* **SOURCE MATERIAL**
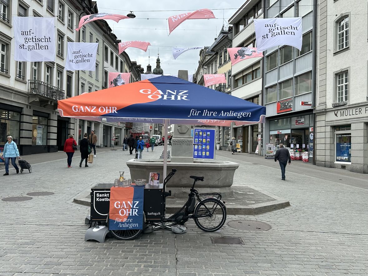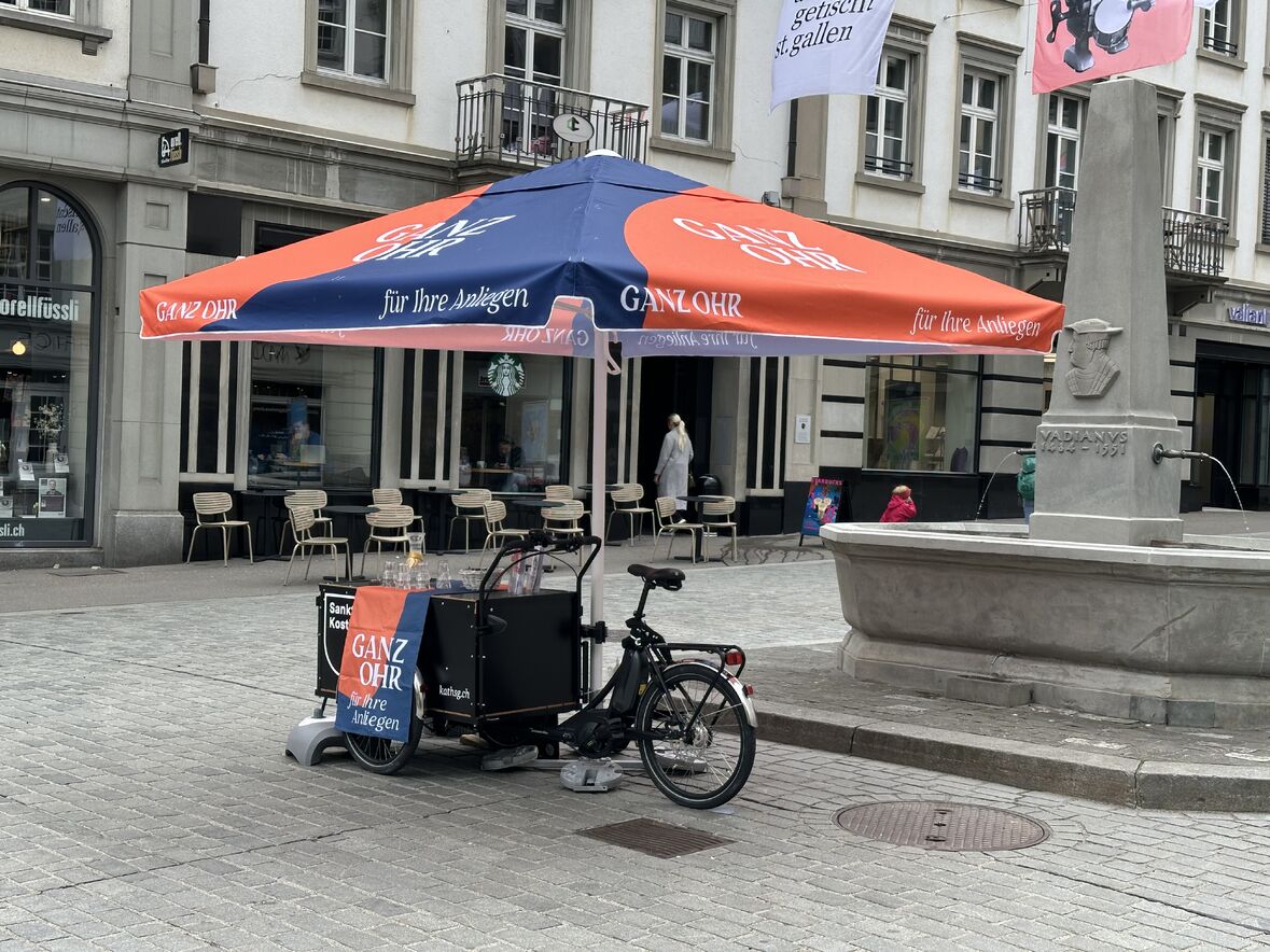 Am Freitag, 3. Mai, sind wir wieder mit unserem Ganz-Ohr-Stand auf dem Bauernmarkt gestartet. Trotz der Grossbaustelle am Marktplatz und drum herum, konnten wir uns mit der KostBar am Rande des Bauernmarktes gleich gegenüber des Vadian-Denkmals platzieren. Mit Ganz-Ohr auf dem Bauernmarkt versucht das ökumenische Team von Seelsorgenden und Sozialdiakonen ein niedrigschwelliges Seelsorgeangebot zu schaffen, das Menschen eben ein offenes Ohr für ihre Anliegen bieten soll. Am Freitag, 17. Mai, sind wir wieder auf dem Bauernmarkt.
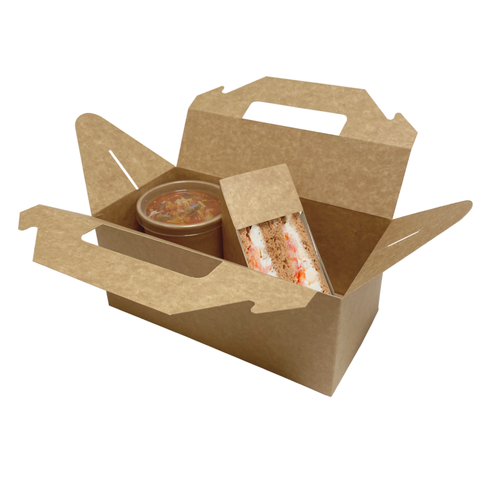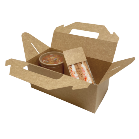 Versatile lunch box perfect for a wide range of food & drinks receptacles and sizes. Box is easy folding to save time and nested / stackable trays flat pack box.
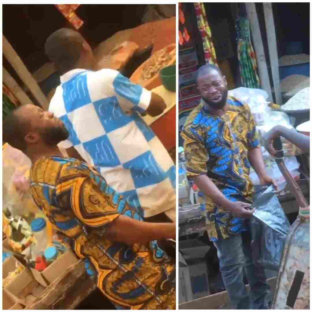 In the viral video apparently filmed in front of a shop where staple food items such as Rice, Beans, Garri and others were being sold, the yet-to-be-identified man was seen asking for the prices of the food items.
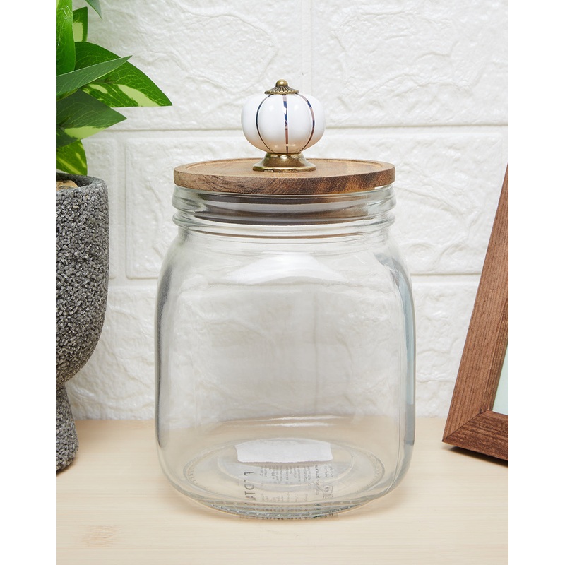• This storage jar is the perfect blend of simplicity and aesthetic vibes. You can use this canister to store and present your essentials in a neat way in your kitchen. It comes with a wooden lid to keep everything inside fresh.

* **EXERCISE GOAL**
Provide a precise transcription of the listing, excluding each picture.

* **WRITTEN ANSWER**
 Am Freitag, 3. Mai, sind wir wieder mit unserem Ganz-Ohr-Stand auf dem Bauernmarkt gestartet. Trotz der Grossbaustelle am Marktplatz und drum herum, konnten wir uns mit der KostBar am Rande des Bauernmarktes gleich gegenüber des Vadian-Denkmals platzieren. Mit Ganz-Ohr auf dem Bauernmarkt versucht das ökumenische Team von Seelsorgenden und Sozialdiakonen ein niedrigschwelliges Seelsorgeangebot zu schaffen, das Menschen eben ein offenes Ohr für ihre Anliegen bieten soll. Am Freitag, 17. Mai, sind wir wieder auf dem Bauernmarkt.
 Versatile lunch box perfect for a wide range of food & drinks receptacles and sizes. Box is easy folding to save time and nested / stackable trays flat pack box.
 In the viral video apparently filmed in front of a shop where staple food items such as Rice, Beans, Garri and others were being sold, the yet-to-be-identified man was seen asking for the prices of the food items.
• This storage jar is the perfect blend of simplicity and aesthetic vibes. You can use this canister to store and present your essentials in a neat way in your kitchen. It comes with a wooden lid to keep everything inside fresh.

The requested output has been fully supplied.